Stored items from a collection:
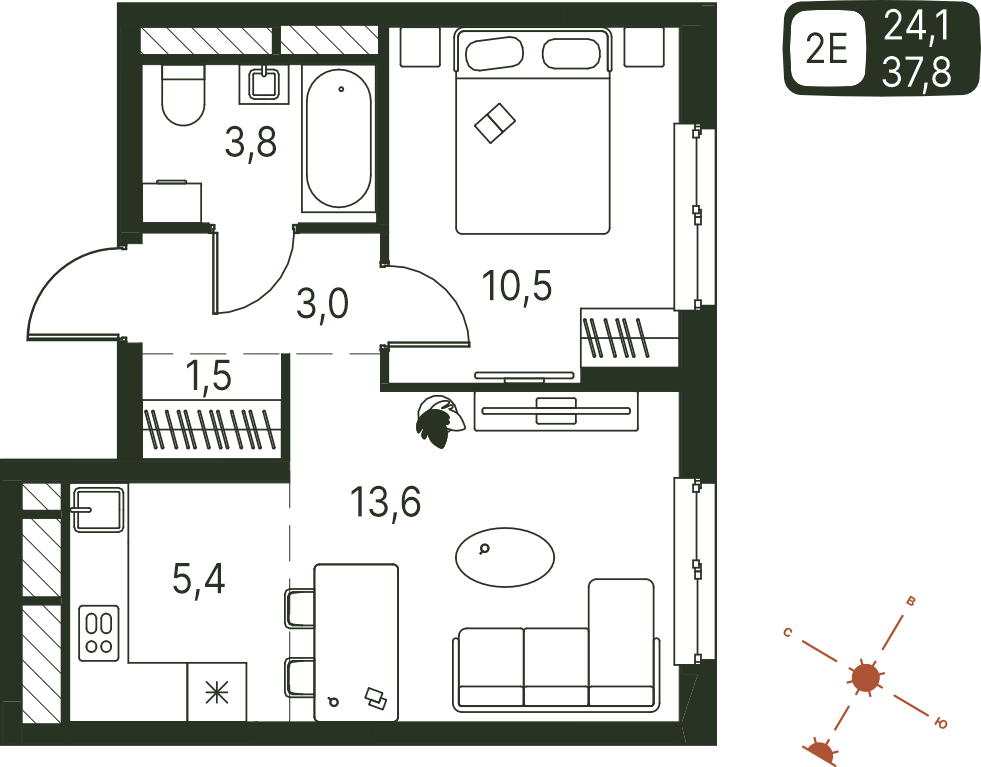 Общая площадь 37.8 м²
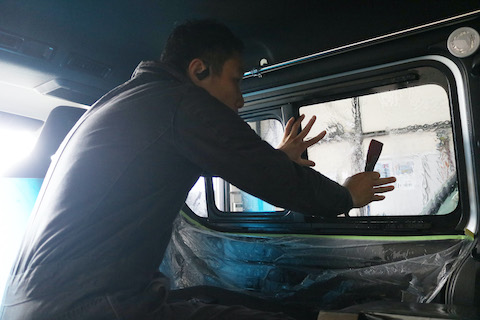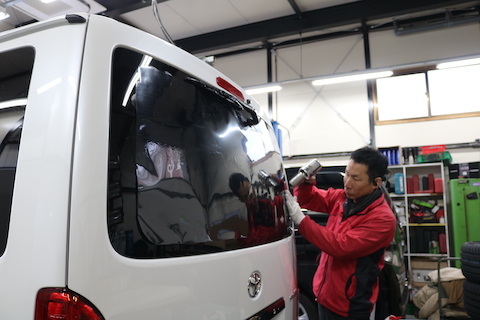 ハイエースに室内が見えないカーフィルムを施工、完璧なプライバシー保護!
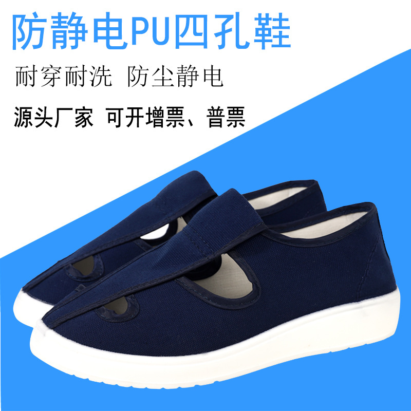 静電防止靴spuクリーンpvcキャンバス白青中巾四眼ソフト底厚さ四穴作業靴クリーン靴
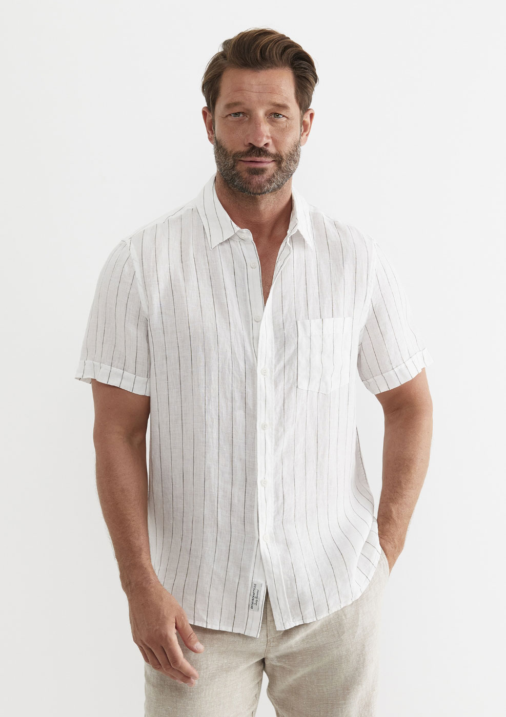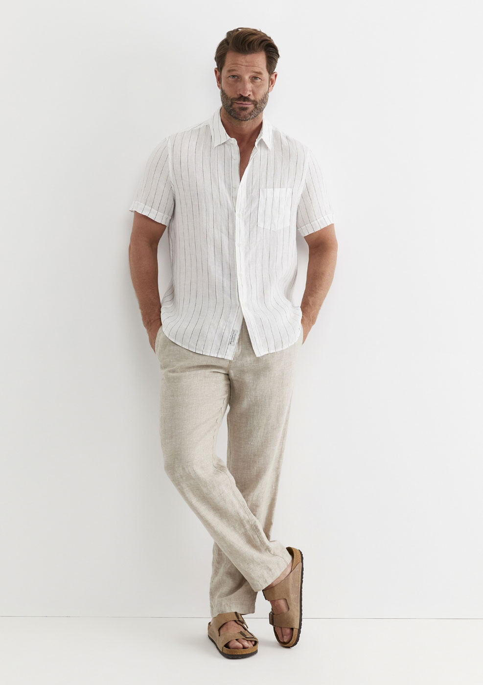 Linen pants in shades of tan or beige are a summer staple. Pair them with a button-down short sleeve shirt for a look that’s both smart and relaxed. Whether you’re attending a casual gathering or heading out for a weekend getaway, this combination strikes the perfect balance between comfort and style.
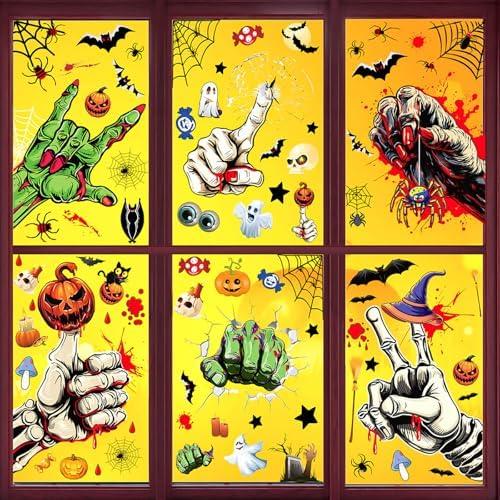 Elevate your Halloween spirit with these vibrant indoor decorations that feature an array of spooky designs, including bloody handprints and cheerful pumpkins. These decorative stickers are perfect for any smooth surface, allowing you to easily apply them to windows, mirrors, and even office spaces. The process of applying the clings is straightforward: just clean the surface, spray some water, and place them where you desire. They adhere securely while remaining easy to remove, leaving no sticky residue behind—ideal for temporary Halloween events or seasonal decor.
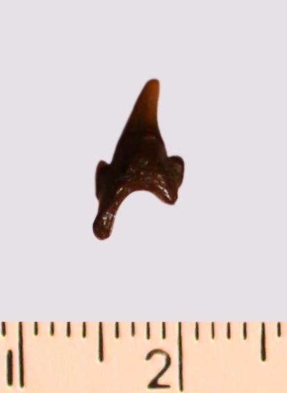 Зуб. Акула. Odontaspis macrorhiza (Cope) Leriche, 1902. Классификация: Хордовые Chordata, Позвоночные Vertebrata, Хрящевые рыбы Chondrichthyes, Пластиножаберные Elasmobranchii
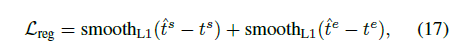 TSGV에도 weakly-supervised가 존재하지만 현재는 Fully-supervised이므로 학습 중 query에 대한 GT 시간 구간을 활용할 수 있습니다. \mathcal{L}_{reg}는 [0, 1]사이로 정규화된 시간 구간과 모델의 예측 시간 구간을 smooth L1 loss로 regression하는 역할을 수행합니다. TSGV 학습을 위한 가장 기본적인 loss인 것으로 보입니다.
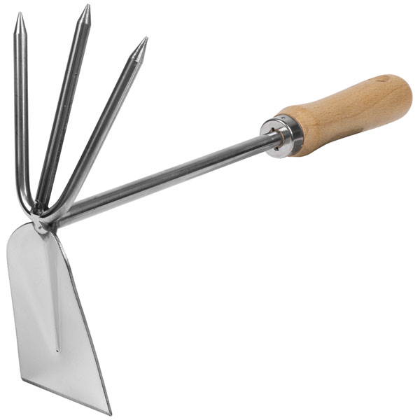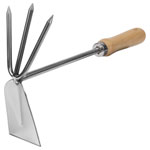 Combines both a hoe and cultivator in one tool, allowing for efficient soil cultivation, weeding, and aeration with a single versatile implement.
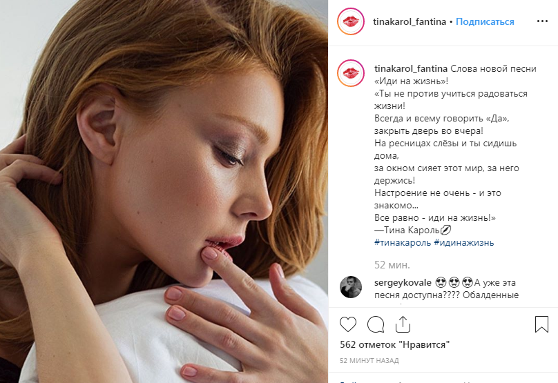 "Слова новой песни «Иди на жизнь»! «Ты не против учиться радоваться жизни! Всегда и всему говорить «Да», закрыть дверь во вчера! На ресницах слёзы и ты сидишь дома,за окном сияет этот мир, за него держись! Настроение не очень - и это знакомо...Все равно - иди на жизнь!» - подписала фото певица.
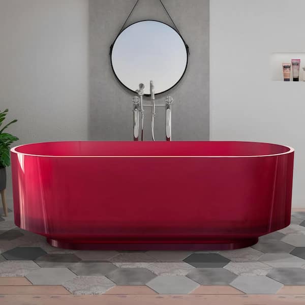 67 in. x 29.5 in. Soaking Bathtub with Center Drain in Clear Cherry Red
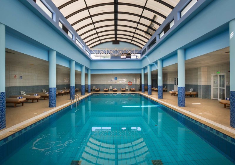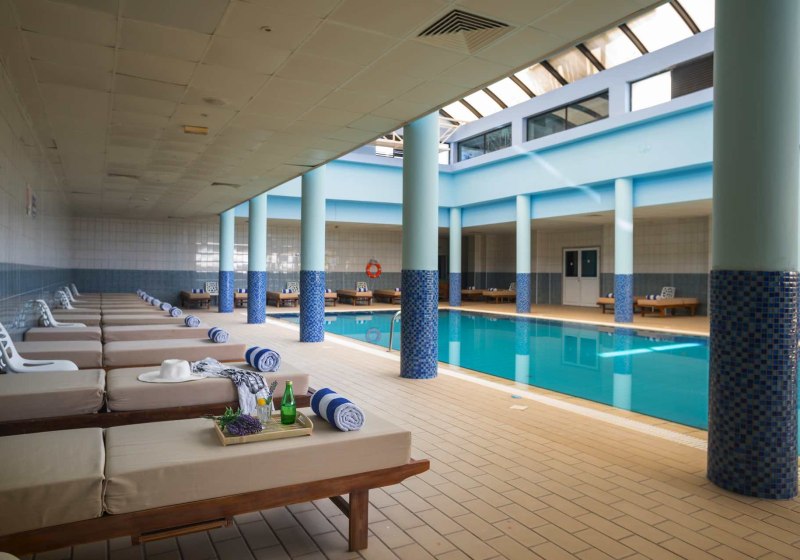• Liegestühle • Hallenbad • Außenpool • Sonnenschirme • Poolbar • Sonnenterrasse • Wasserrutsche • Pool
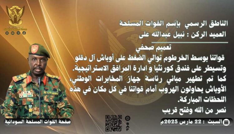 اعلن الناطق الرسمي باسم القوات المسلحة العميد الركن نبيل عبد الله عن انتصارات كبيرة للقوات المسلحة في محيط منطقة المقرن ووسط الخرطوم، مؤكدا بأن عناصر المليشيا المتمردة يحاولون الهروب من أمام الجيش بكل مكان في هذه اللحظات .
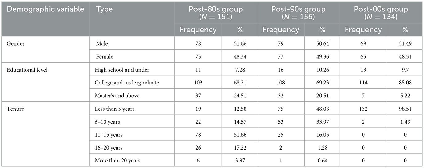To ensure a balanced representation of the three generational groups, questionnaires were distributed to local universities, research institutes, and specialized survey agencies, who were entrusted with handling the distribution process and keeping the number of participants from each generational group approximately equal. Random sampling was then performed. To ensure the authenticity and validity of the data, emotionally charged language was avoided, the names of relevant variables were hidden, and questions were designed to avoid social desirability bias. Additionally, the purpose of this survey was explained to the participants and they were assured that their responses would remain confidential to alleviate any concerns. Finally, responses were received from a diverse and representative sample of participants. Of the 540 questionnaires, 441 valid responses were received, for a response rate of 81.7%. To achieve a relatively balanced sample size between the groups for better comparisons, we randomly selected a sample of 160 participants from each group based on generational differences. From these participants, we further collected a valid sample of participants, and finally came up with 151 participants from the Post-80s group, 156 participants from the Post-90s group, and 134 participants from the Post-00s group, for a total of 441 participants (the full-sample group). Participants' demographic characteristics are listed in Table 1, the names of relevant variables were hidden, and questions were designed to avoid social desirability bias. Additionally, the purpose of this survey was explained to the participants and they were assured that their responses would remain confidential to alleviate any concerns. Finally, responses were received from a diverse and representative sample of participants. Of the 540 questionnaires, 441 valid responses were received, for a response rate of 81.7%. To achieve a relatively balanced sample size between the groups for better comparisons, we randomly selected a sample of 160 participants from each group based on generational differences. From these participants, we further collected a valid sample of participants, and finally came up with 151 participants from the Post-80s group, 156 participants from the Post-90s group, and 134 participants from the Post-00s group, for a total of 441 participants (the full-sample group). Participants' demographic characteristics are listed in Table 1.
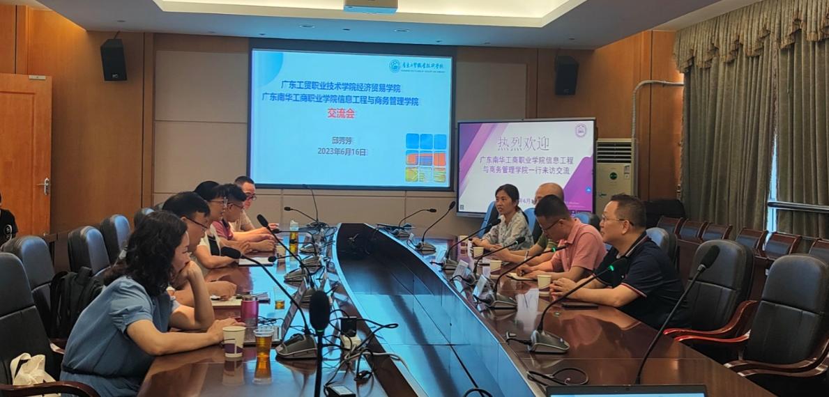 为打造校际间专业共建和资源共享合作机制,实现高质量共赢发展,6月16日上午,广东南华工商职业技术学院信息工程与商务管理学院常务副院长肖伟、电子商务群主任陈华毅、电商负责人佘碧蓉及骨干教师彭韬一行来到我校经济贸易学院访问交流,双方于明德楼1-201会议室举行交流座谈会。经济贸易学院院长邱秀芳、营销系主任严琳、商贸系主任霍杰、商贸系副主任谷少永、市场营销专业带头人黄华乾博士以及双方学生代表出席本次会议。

Exercise aim: Start with the line above containing "Combines both a" and end with the line containing "اعلن الناطق الرسمي". Set down that stretch exactly, without any pictures.

Output for this task:
 Combines both a hoe and cultivator in one tool, allowing for efficient soil cultivation, weeding, and aeration with a single versatile implement.
 "Слова новой песни «Иди на жизнь»! «Ты не против учиться радоваться жизни! Всегда и всему говорить «Да», закрыть дверь во вчера! На ресницах слёзы и ты сидишь дома,за окном сияет этот мир, за него держись! Настроение не очень - и это знакомо...Все равно - иди на жизнь!» - подписала фото певица.
 67 in. x 29.5 in. Soaking Bathtub with Center Drain in Clear Cherry Red
• Liegestühle • Hallenbad • Außenpool • Sonnenschirme • Poolbar • Sonnenterrasse • Wasserrutsche • Pool
 اعلن الناطق الرسمي باسم القوات المسلحة العميد الركن نبيل عبد الله عن انتصارات كبيرة للقوات المسلحة في محيط منطقة المقرن ووسط الخرطوم، مؤكدا بأن عناصر المليشيا المتمردة يحاولون الهروب من أمام الجيش بكل مكان في هذه اللحظات .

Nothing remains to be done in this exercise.